Francis P. Quinn, Jr. became Jack Quinn when he started at Central Catholic, where the boys came from all over the city and no one knew him. “I go by ‘Jack’,” he announced to Brother Fabian that first day, slightly embarrassed by the swaggering sound of that one short, clipped syllable, but didn’t it sound sporting, though, full of spark and gumption.
Miss Wilby, whose Saturday charge he is, sets him up in the outer office while she types and files and fetches and he, on sheets of fine vellum bearing in swirling intaglio the letters of the company’s name, spends hours practicing the bedspring ovals, the up-down strokes, then the Palmer alphabet itself, letters big and small, not with pencil but with pen and ink. He lifts the pen’s ivory shaft from the silver-plated stand, dunks the steel nib into the pot of dark ink. He tries not to drip, but drips, drips, and blobs. And even if he doesn’t drip, he can’t manage to keep enough ink on the nib to write the whole name. It seems an impossible task, but finally, after several Saturdays, he manages without a single drip to
copy in one fluid motion of nib to vellum, his father’s signature exactly, the one his father affixes to the bottoms of all the letters Miss Wilby types. Saturday after Saturday he reproduces his father’s signature, rocking the blotter back and forth over the ink as if in the pressing he might adhere himself if not to his father than at least to the page.

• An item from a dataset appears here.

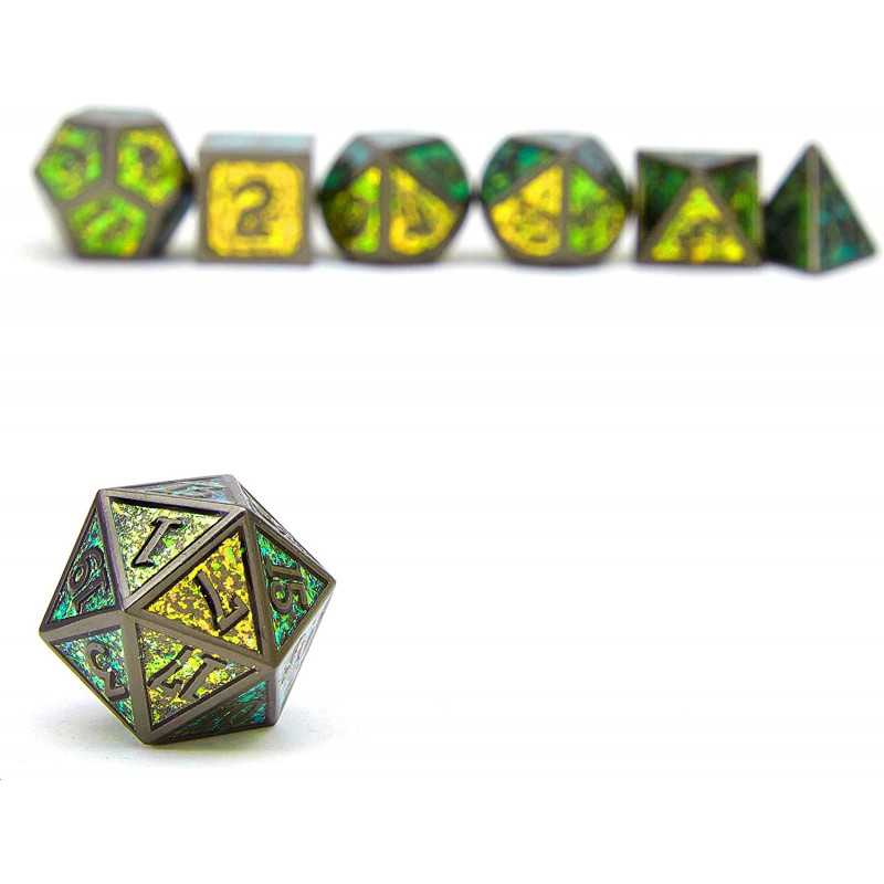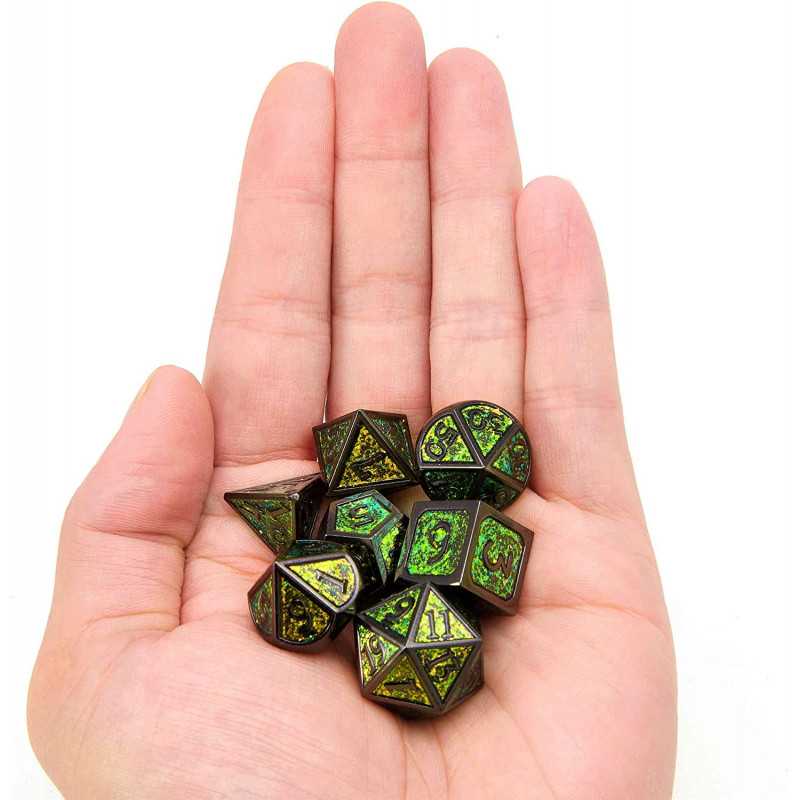 Zestaw siedmiu metalowych kości do gier fabularnych

The Palmer capital “Q” is written basically as a large number “2,” though his father, when signing his name, always adds beneath the letter a stack of flourishing loops, extending it beyond the last “n” in “Quinn.” Sister Cleatus objects to this but Francis remains firm in his refusal to obey her. He continues to add the loops. For this and his obstinance he is accused of the sin of pride, an accusation he carries with, well, pride. As for that Palmer capital “F”, that, Jack recalls as he signs his legal name to his will, to the documents giving power of attorney to his daughter, to the sales agreement and the medical directives this fancy-pants place requires, that “F” never seemed to him like the other letters. It faces away from the others, from the lower-case letters in “Francis,” toward the left of the page, as if its attention were elsewhere, as if in defiance or attempting escape.